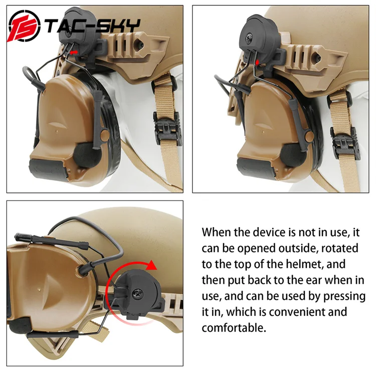 Introducción del productoEste producto es un par de soportes de rieles profesionales, que pueden fijar fácilmente los auriculares tácticos a los rieles de guía de segunda y tercera generación de los cascos tácticos Wendy, resolviendo el problema de usar auriculares tácticos dentro del casco. Los soportes pueden girar 360 grados para mejorar el rendimiento de los auriculares. Flexibilidad de colocación.
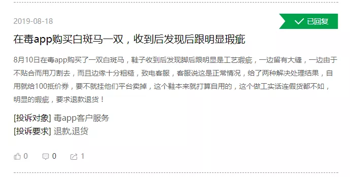 其中在投诉榜中更是有许多用户直呼在平台上购买的鞋子是假货,一名男士在8月10号在平台上购买了一双白斑马,收到货后鞋子明显有工艺瑕疵,边缘粗糙怀疑不是正品。
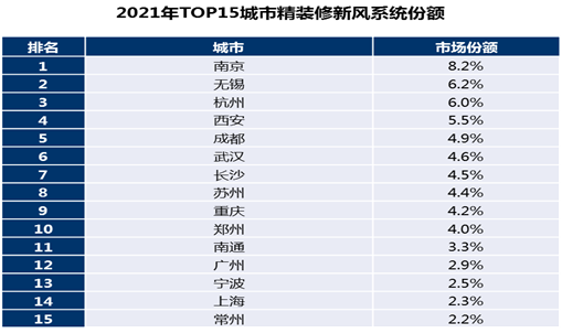 從區(qū)域分布來看,2021年華東是精裝修新風(fēng)系統(tǒng)配套的主力區(qū)域,建議重點深耕一二線市場的核心城市。2021年,我國精裝修新風(fēng)系統(tǒng)配套規(guī)模最高的地區(qū)為華東,市場份額為48%;華南和華中緊隨其后,說明新風(fēng)系統(tǒng)在一二線市場項目中配套較多,比較受開發(fā)商歡迎;2021年,從城市分布來看,南京、無錫、杭州、西安、成都是全國精裝修新風(fēng)系統(tǒng)配套量TOP5的城市,未來隨著都市圈和城市群的推進(jìn),新一線市場仍然是新風(fēng)重點布局的市場。

Work request: Your response should reproduce the entire listing verbatim, minus the pictures.

Written answer:
 Introducción del productoEste producto es un par de soportes de rieles profesionales, que pueden fijar fácilmente los auriculares tácticos a los rieles de guía de segunda y tercera generación de los cascos tácticos Wendy, resolviendo el problema de usar auriculares tácticos dentro del casco. Los soportes pueden girar 360 grados para mejorar el rendimiento de los auriculares. Flexibilidad de colocación.
 其中在投诉榜中更是有许多用户直呼在平台上购买的鞋子是假货,一名男士在8月10号在平台上购买了一双白斑马,收到货后鞋子明显有工艺瑕疵,边缘粗糙怀疑不是正品。
 從區(qū)域分布來看,2021年華東是精裝修新風(fēng)系統(tǒng)配套的主力區(qū)域,建議重點深耕一二線市場的核心城市。2021年,我國精裝修新風(fēng)系統(tǒng)配套規(guī)模最高的地區(qū)為華東,市場份額為48%;華南和華中緊隨其后,說明新風(fēng)系統(tǒng)在一二線市場項目中配套較多,比較受開發(fā)商歡迎;2021年,從城市分布來看,南京、無錫、杭州、西安、成都是全國精裝修新風(fēng)系統(tǒng)配套量TOP5的城市,未來隨著都市圈和城市群的推進(jìn),新一線市場仍然是新風(fēng)重點布局的市場。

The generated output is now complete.